The other evolutionary aspect to Crick’s lecture came in a brief and little-noticed aside, in which he essentially predicted the development of phylogenetics. In 1957, protein sequencing was extremely primitive, while sequencing DNA was two decades in the future. Complete amino acid sequences for insulin had been described for just five species, but nevertheless, Crick could see the way things would go. In an incredibly prescient prediction, he stated:

“Biologists should realise that before long we shall have a subject which might be called ‘protein taxonomy’—the study of the amino acid sequences of the proteins of an organism and the comparison of them between species. It can be argued that these sequences are the most delicate expression possible of the phenotype of an organism and that vast amounts of evolutionary information may be hidden away within them.”

This insight appears to have had little impact on thinking about the potential power of studying sequences—the history of bioinformatics [26] is generally traced back to the work of Dick Eck [27], Margaret Dayhoff [28], and Emile Zuckerkandl and Linus Pauling [29] in the early 1960s, none of whom cited Crick’s lecture. Further exploration of the work of the early bioinformaticians may reveal currently-unknown direct connections with Crick’s ideas, but whatever the case, the clarity of this vision underlines the power of Crick’s thinking.


It took some time for Crick’s lecture to exert its influence. Despite Jacob’s vivid description of how Crick presented his ideas, there is no indication that the content immediately changed the thinking of those in the audience. Only one of the other presentations at the symposium made any reference to Crick’s novel ideas in the revised printed version, and even here, the authors appear to have thought that Crick was indeed being dogmatic in his views because he speculated rather than strictly limiting himself to the experimental evidence [30].

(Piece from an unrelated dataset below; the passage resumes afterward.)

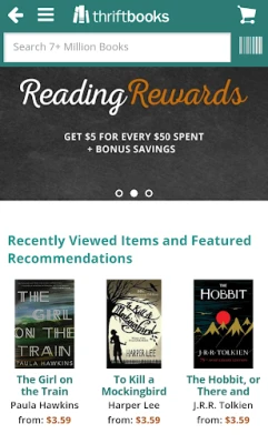 Tare da aikace-aikacen ThriftBooks, samun littattafai mafi kyau ya zama mai sauƙi. Shin akwai wani littafi da kake so amma yanzu babu shi? Za mu sanar da kai nan take da zaran ya dawo cikin hannun jari. Zaka iya amfani da na'urar daukar hoton barcode don bincika farashi kai tsaye da kuma samuwa a duk inda kake. Hakanan, za ka ji daɗin jigilar kaya kyauta a cikin Amurka ga duk odar da ta haura $15, an shirya su cikin marufi masu dorewa. Ga masu amfani da ke da asusun ThriftBooks, shiga cikin sauƙi don samun damar jerin abubuwan da kake so, hanyoyin biyan kuɗi, da adireshin jigilar kaya, tare da ganin shawarwari na musamman da aka tsara daidai da sha'awarka.

Since then, the renown of the lecture has grown, and it has been cited over 800 times. The pattern of citations is U-shaped, with an early peak of 28 in 1962, followed by a trough of a handful of citations per year between 1971 and 1990, rising to 52 citations in 2014. Crick was later quite harsh on his lecture, describing it as ‘a mixture of good and bad ideas, of insight and nonsense’ [9]. This seems unfair—any nonsense is primarily due to lack of experimental evidence at the time. The reason why people still return to a 60-year-old lecture is because of the power of its ideas and the clarity with which they are presented. Crick’s style and intellectual verve continue to be both influential and inspirational; everyone should read or reread this brilliant lecture by one of the 20th century’s greatest scientists, a lecture that changed how we think.